4. Why does the WRC need to use your personal data?
The WRC requires people who use its services to provide certain personal data in order to avail of these services. Your personal data may be exchanged with other Government Departments in certain circumstances where this is provided for by law. Where a complaint is made to the adjudication service any information sent to the WRC will be copied to the other party. Full details of the WRC’s data protection policy setting out how we will use your personal data as well as information regarding your rights as a data subject are available at [This Link]. Details of this policy are also available in hard copy upon request.
5. Who do I contact if I have a query about the WRC’s data protection policy?

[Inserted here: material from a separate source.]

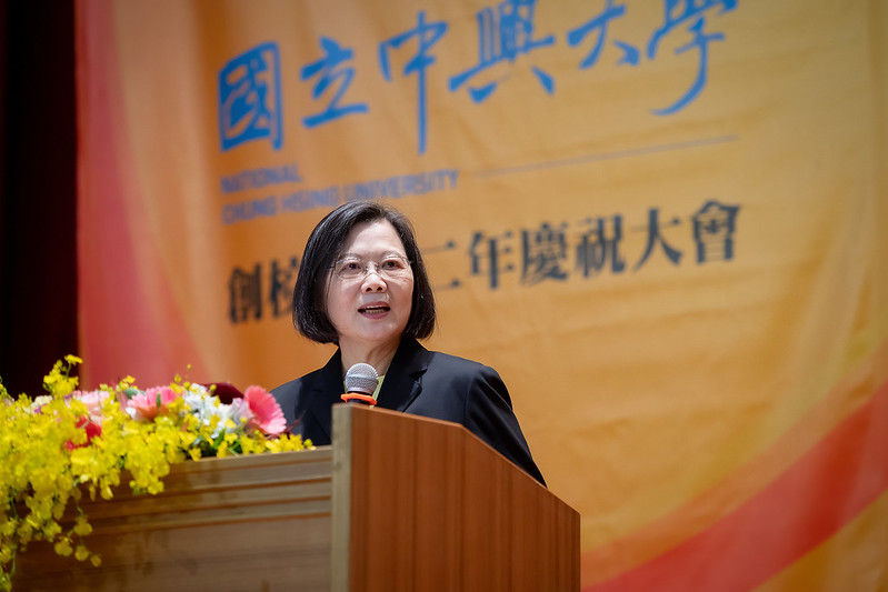 總統感謝中興大學一百多年來立足中臺灣,為臺灣經濟發展、百工百業作育英才。她也期許,未來中興大學繼續努力,邁向國際一流大學的目標。最後,總統再次祝福中興大學生日快樂,校務蒸蒸日上。
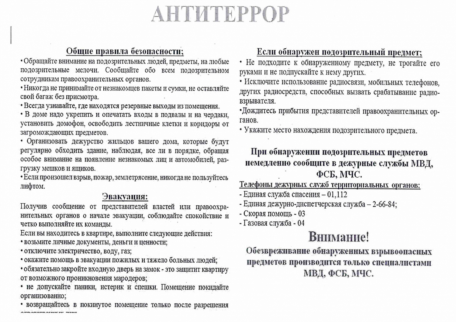 - Обратите особое внимание на появление неизвестных лиц в вашем дворе или подъезде, оставленные без присмотра вещи, а также любые необычные события.

The WRC has information on its website and you should refer to this in the first instance. Our website can be accessed at Workplace Relations Commission. If you cannot find the answer to your query on the website, then do not hesitate to contact the WRC at: personaldatarequest@workplacerelations.ie
6. Who is our Data Protection Officer?
Our Data Protection Officer is Celyna Coughlan who is DPO for the Department of Enterprise, Trade and Employment and its offices including the WRC. Please also see the Departments website for further information. You can access the Department’s website at: Department of Enterprise, Trade and Employment.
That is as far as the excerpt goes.